Oh, now I understand that block comment in test_threads - I didn't realise what cached_property actually did :)

In that case, I suppose it's possible that for some reason one of the threads is dragging its feet and not starting running until after one of the other threads has already shadowed the property with a normal value.

ncoghlan commented 9 years ago

I'm heading out, but I've kicked off a test run using this modified implementation of run_threads in the tests:

    def run_threads(self, num_threads):
        launch = Event()
        def _replace_in_thread(started):
            return lambda: (started.set(), launch.wait(), self.add_cached)
        threads = []
        start_events = []
        for _ in range(num_threads):
            started = Event()
            thread = Thread(target=_replace_in_thread(started))
            thread.start()
            threads.append(thread)
            start_events.append(started)
        for started in start_events:
            started.wait()
        launch.set()
        for thread in threads:
            thread.join()

That means the sleep in the cached property test is only covering the threads reacting to the event being signalled, rather than actually starting them. (There's still be a problem to report to the Fedora python and/or kernel teams though, so it would be weird for 5 threads to be taking an entire second to all start)

ncoghlan commented 9 years ago

Even with that modified implementation, that still failed within 28 runs of the test suite. I'd suggest pinging the Fedora python-devel list at this point.

vpavlin commented 9 years ago

@ncoghlan Do you want me to do it, or will you? (Anyway thanks for looking at this)

ncoghlan commented 9 years ago

@vpavlin I was suggesting you do that. I'm now assuming there's something odd in the Fedora Python patches, and I'm the wrong person to ask about that.

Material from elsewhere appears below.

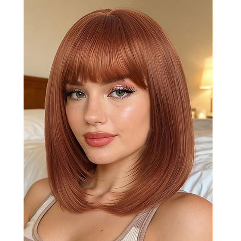 HAIRCUBE Cosplay Bob Wig with Bangs Auburn/Ombre Brown/Pink/green/Wine Synthetic Culy Wigs for African American Women Natural ChristmasPartyWigs

vpavlin commented 9 years ago

@rkuska asked me to file a bug against python in Fedora: https://bugzilla.redhat.com/show_bug.cgi?id=1261445

audreyfeldroy commented 8 years ago

We just moved cached-property's Travis builds to use the container-based infrastructure. There, we ran into what appears to be the same issue: https://travis-ci.org/pydanny/cached-property/jobs/93074100

cedk commented 6 years ago

I got a similar bug report for the Gentoo Ebuild: https://bugs.gentoo.org/638250

pydanny commented 5 years ago

Is this still an issue? All current tests are passing: https://travis-ci.org/pydanny/cached-property

DarthGandalf commented 4 years ago

With 1.5.1:

==================== FAILURES ======================
____ TestCachedPropertyWithTTL.test_threads_ttl_expiry _________

self = <tests.test_cached_property.TestCachedPropertyWithTTL testMethod=test_threads_ttl_expiry>

    def test_threads_ttl_expiry(self):
        Check = CheckFactory(self.cached_property_factory(ttl=100000), threadsafe=True)
        check = Check()
        num_threads = 5

        # Same as in test_threads
        check.run_threads(num_threads)
        self.assert_cached(check, num_threads)
        self.assert_cached(check, num_threads)

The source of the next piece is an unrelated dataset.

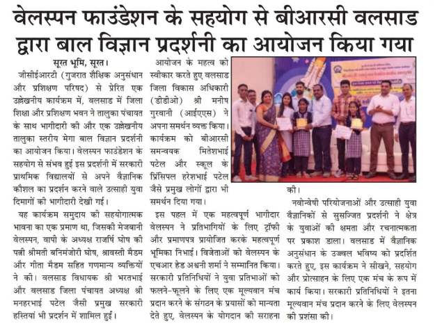 Children's Science Exhibition was organized by BRC Valsad in partnership with the Welshiksha project by Welspun Foundation.

        # The cache expires in the future
        with freeze_time("9999-01-01"):
            check.run_threads(num_threads)
>           self.assert_cached(check, 2 * num_threads)

tests/test_cached_property.py:207: 
_ _ _ _ _ _ _ _ 
tests/test_cached_property.py:69: in assert_cached
    self.assertEqual(check.add_cached, expected)
E   AssertionError: 6 != 10
======= 1 failed, 29 passed in 8.89 seconds ==========

All current tests are passing

Perhaps Travis CPU isn't loaded enough for the race to trigger?